Co-Authored-By: Claude Opus 4.8 <noreply@anthropic.com>

papers/medial_tire_decompositions_of_plane_triangulations/paper.tex

@@ -53,9 +53,12 @@ isomorphic to the medial graph of the planar dual $G^*$, and proper
 $3$-vertex-colourings of $M(G)$ are equivalent to proper
 $3$-edge-colourings of the cubic dual.  Thus Tait's reformulation of
 the Four Colour Theorem may be studied through proper vertex
-$3$-colourings of medial subgraphs.  We define medial tire pieces,
-their boundary-state restriction relations, and a chain-pigeonhole
-conjecture for compatible medial boundary states across the tire tree.
+$3$-colourings of medial subgraphs.  We define medial tire pieces and
+their boundary-state restriction relations, and show that a proper
+vertex $3$-colouring of $M(G)$ amounts to a compatible selection of
+these boundary states across the tire tree.  The resulting
+pigeonhole programme for the Four Colour Theorem is developed
+in~\cite{bauerfeld-medial-pigeonhole}.
 \end{abstract}
 
 \maketitle
@@ -656,340 +659,6 @@ properness is already enforced by one of the local colourings.  Hence
 $\varphi$ is a proper vertex $3$-colouring of $M(G)$.
 \end{proof}
 
-\section{A medial pigeonhole programme}
-
-The restriction relation $R_T$ records exactly the local information
-needed to pass a medial $3$-colouring through a tire.  In a nested
-chain
-\[
-    T_0 \supset T_1 \supset \cdots \supset T_k,
-\]
-the outer boundary state of $T_{i+1}$ must match an inner boundary
-state allowed by $R_{T_i}$.  Thus a proof of the Four Colour Theorem in
-this framework would follow from a structural reason that these
-restriction sets cannot remain mutually disjoint along every branch of
-the tire tree.
-
-\begin{definition}[Medial boundary state]

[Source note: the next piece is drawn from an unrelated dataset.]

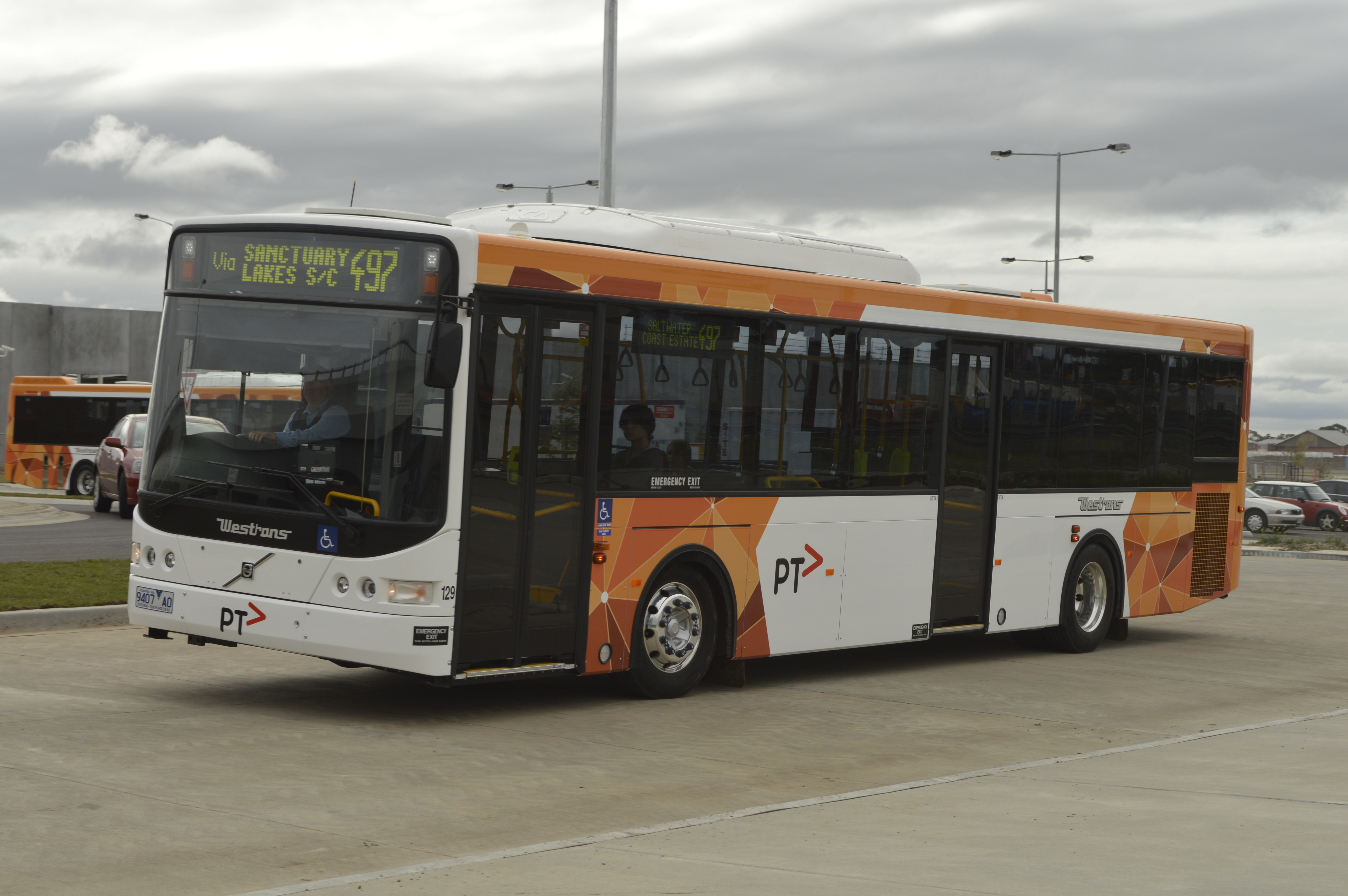 A Westrans Volvo B7RLE (Volgren 'CR228L') in the then new PTV livery arrives at Williams Landing.

-\label{def:medial-boundary-state}
-A \emph{medial boundary state} on a boundary set
-$\partial\mathsf{M}(T)$ is a proper vertex $3$-colouring of the
-subgraph induced by that boundary set, considered up to permutation of
-the three colours and the dihedral symmetries of the boundary walk
-when that boundary is a cycle.
-\end{definition}
-
-\begin{conjecture}[Medial chain-pigeonhole principle]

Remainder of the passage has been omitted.